EXERCISE DATA:
—————

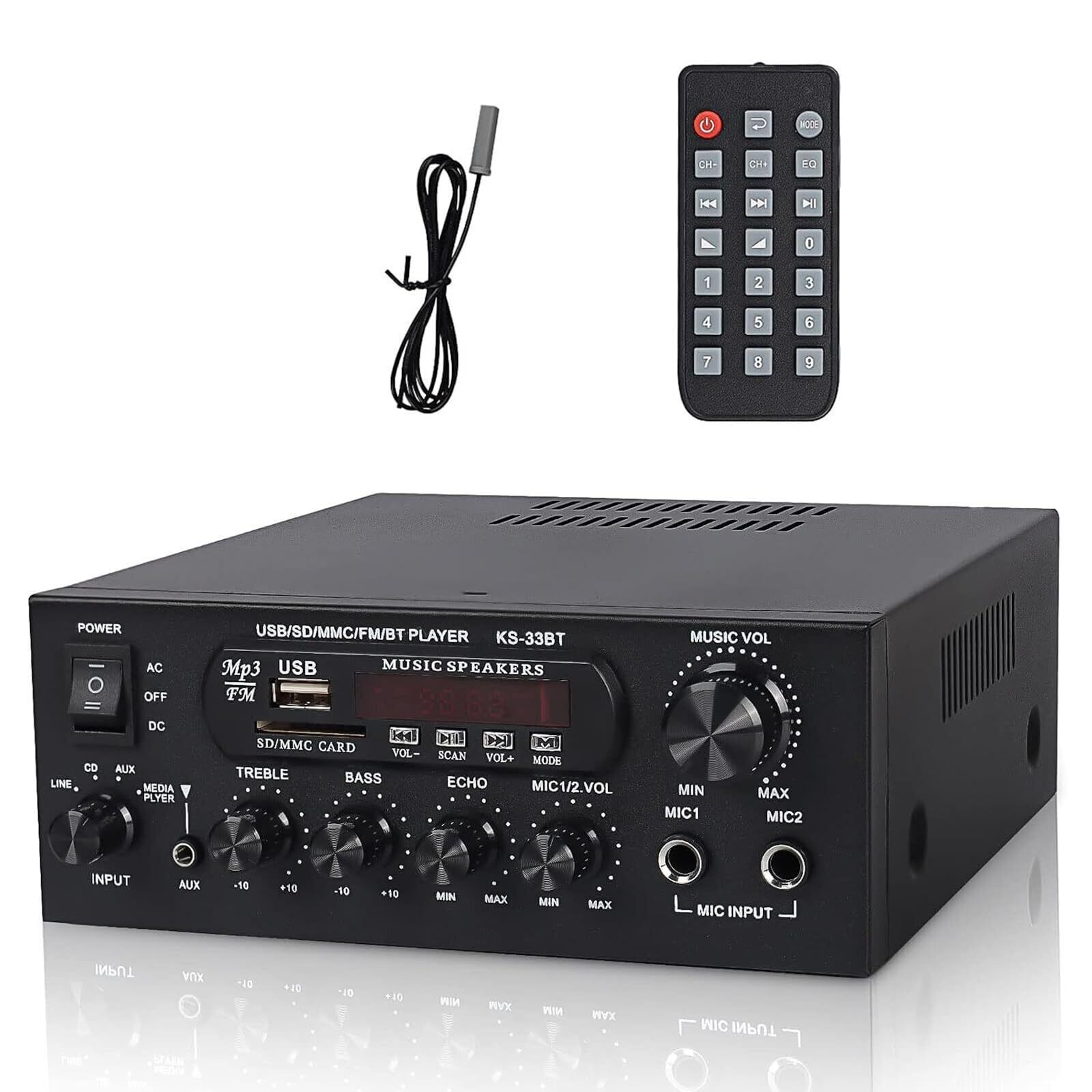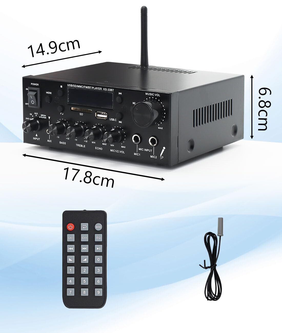 【様々な場合で大活躍】Bluetoothパワーアンプが複数の人が同時にカラオケもできるようにサポートします。ケーブルに接続して、家族や友達と一緒に歌を楽しみましょう。家でもカラオケの雰囲気が盛り上がっています。マイクの音量調整、スピーカーの音量調整はそれぞれに調整可能です。カラオケ、ボーカルコンサート、ライブパフォーマンス、会議、音楽とオペラ、教会、学校、結婚式、式典、パーティーなど、ほとんどすべての活動が最高です。使用中、製品の使用について何か不明なところが御座いましたら、ご心配なさらないで注文履歴より弊店までご連絡ください。
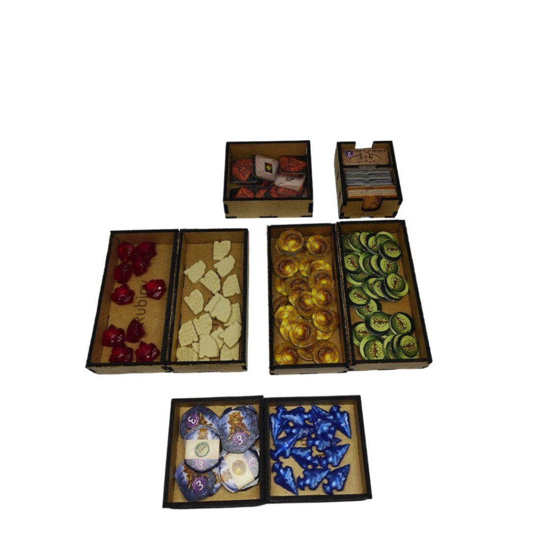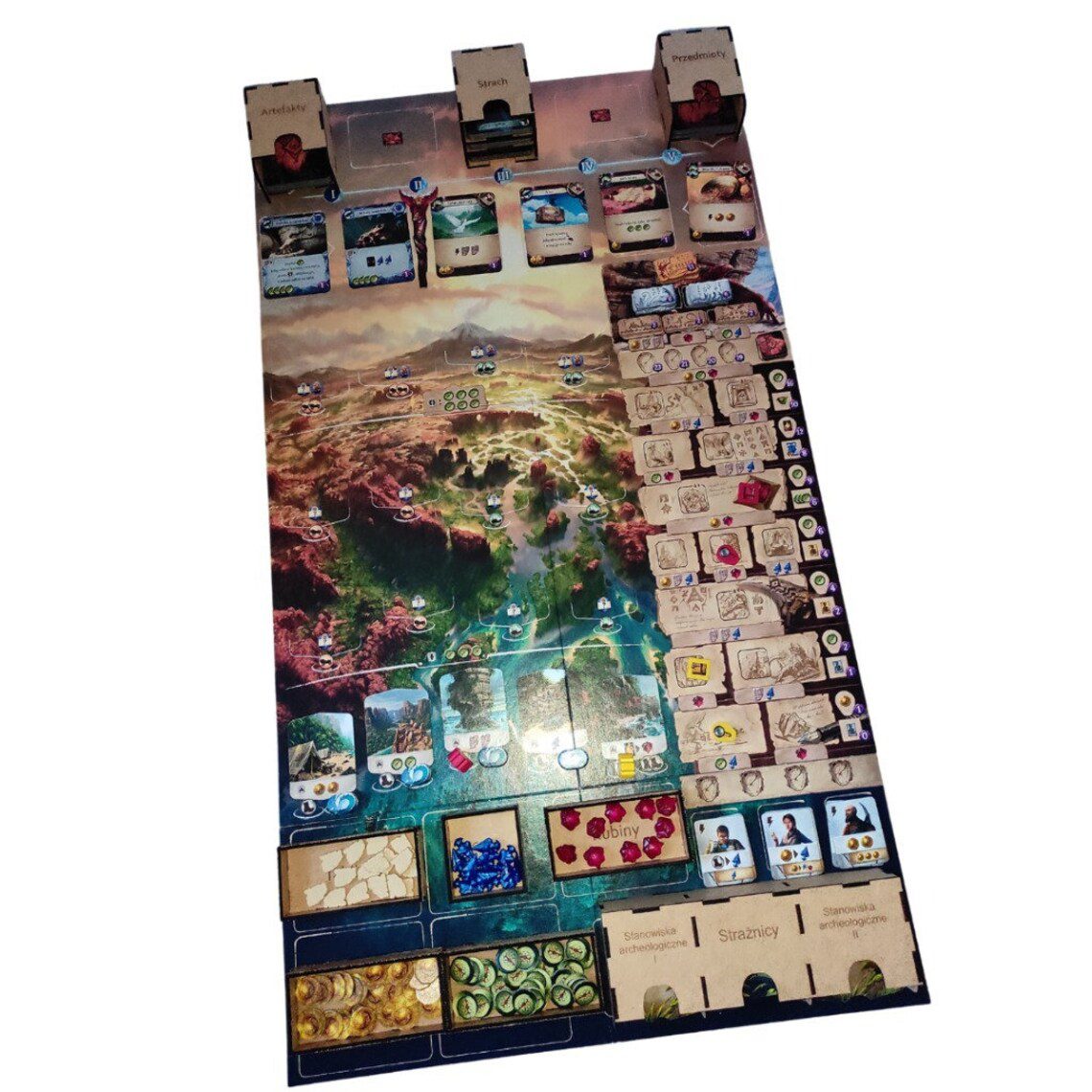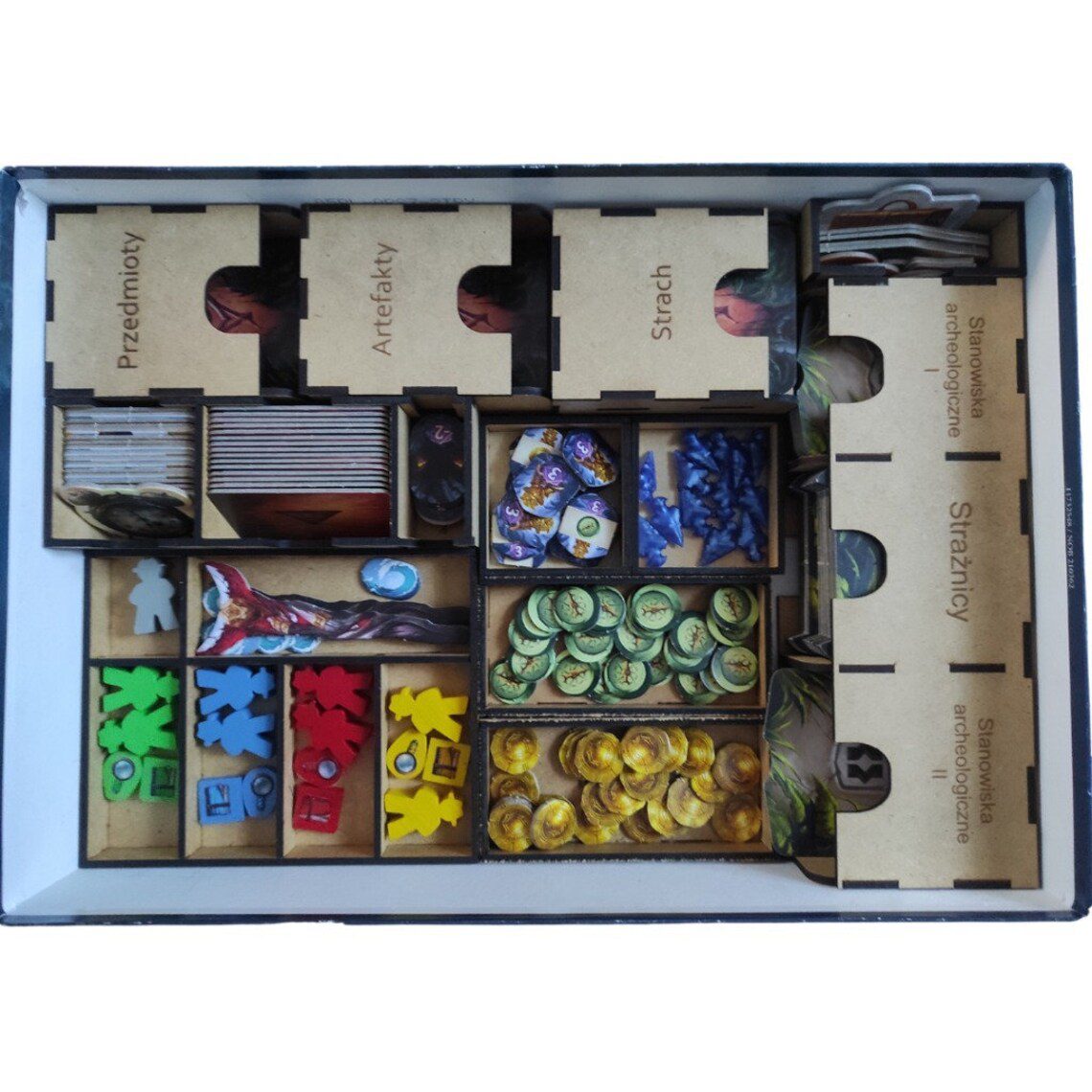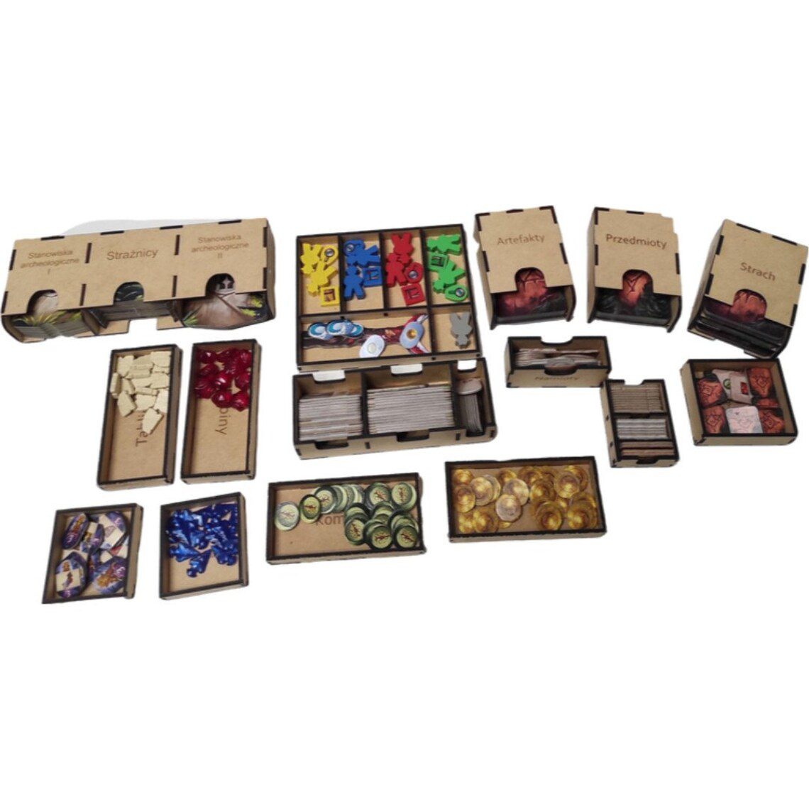 Laser cut insert for Lost Ruins of Arnak and the Expedition Leaders expansion, designed to keep all cards, tokens, tiles, and components perfectly organized. Includes dedicated trays for each game element, ensuring faster setup, easy storage, and smooth gameplay. Fits inside the original game box without the need for disassembly.
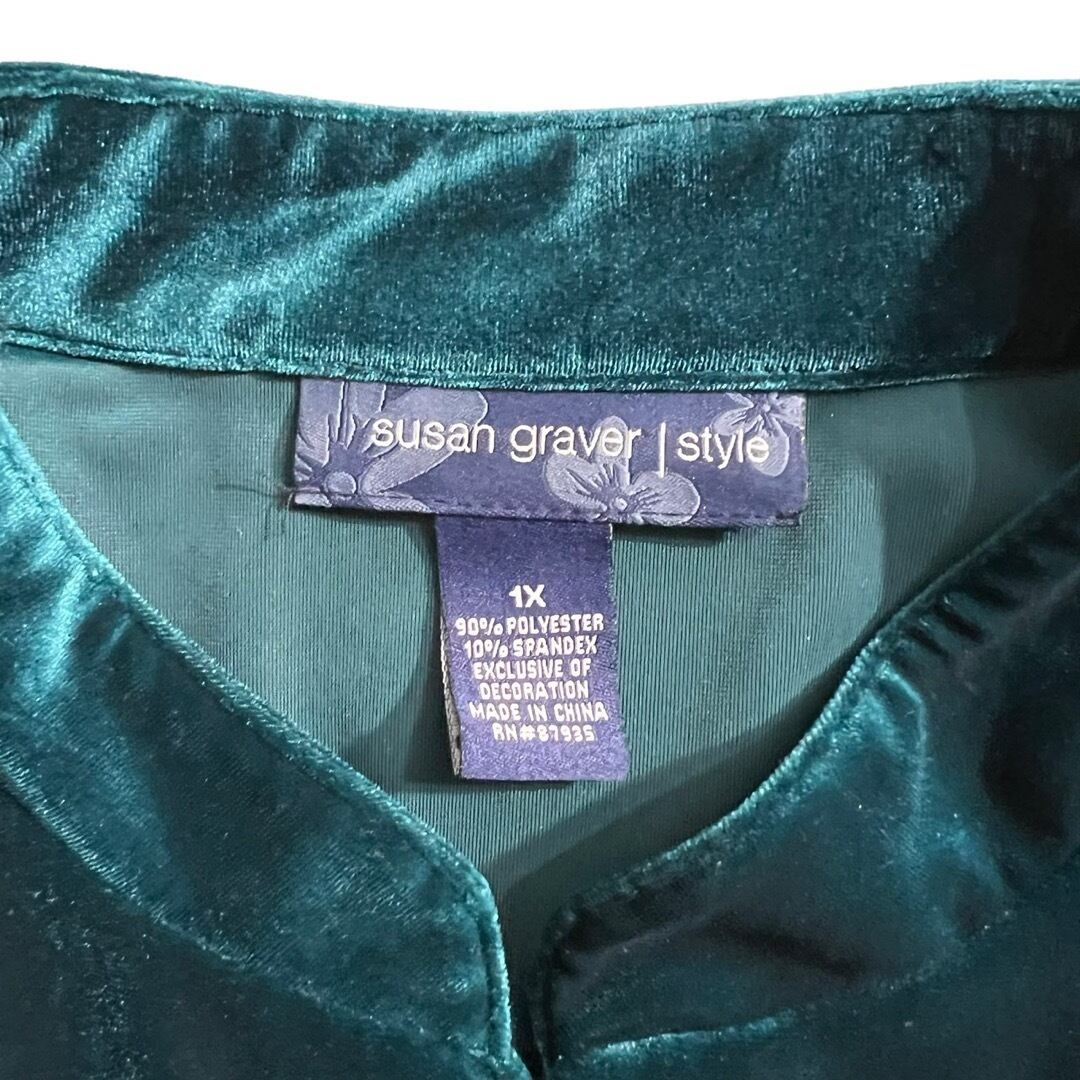 【susan graver style】bird/Flower Embroidery Design velours shirt "Emerald green"

—————

Leaving the pictures behind, return every line above exactly.

 【様々な場合で大活躍】Bluetoothパワーアンプが複数の人が同時にカラオケもできるようにサポートします。ケーブルに接続して、家族や友達と一緒に歌を楽しみましょう。家でもカラオケの雰囲気が盛り上がっています。マイクの音量調整、スピーカーの音量調整はそれぞれに調整可能です。カラオケ、ボーカルコンサート、ライブパフォーマンス、会議、音楽とオペラ、教会、学校、結婚式、式典、パーティーなど、ほとんどすべての活動が最高です。使用中、製品の使用について何か不明なところが御座いましたら、ご心配なさらないで注文履歴より弊店までご連絡ください。
 Laser cut insert for Lost Ruins of Arnak and the Expedition Leaders expansion, designed to keep all cards, tokens, tiles, and components perfectly organized. Includes dedicated trays for each game element, ensuring faster setup, easy storage, and smooth gameplay. Fits inside the original game box without the need for disassembly.
 【susan graver style】bird/Flower Embroidery Design velours shirt "Emerald green"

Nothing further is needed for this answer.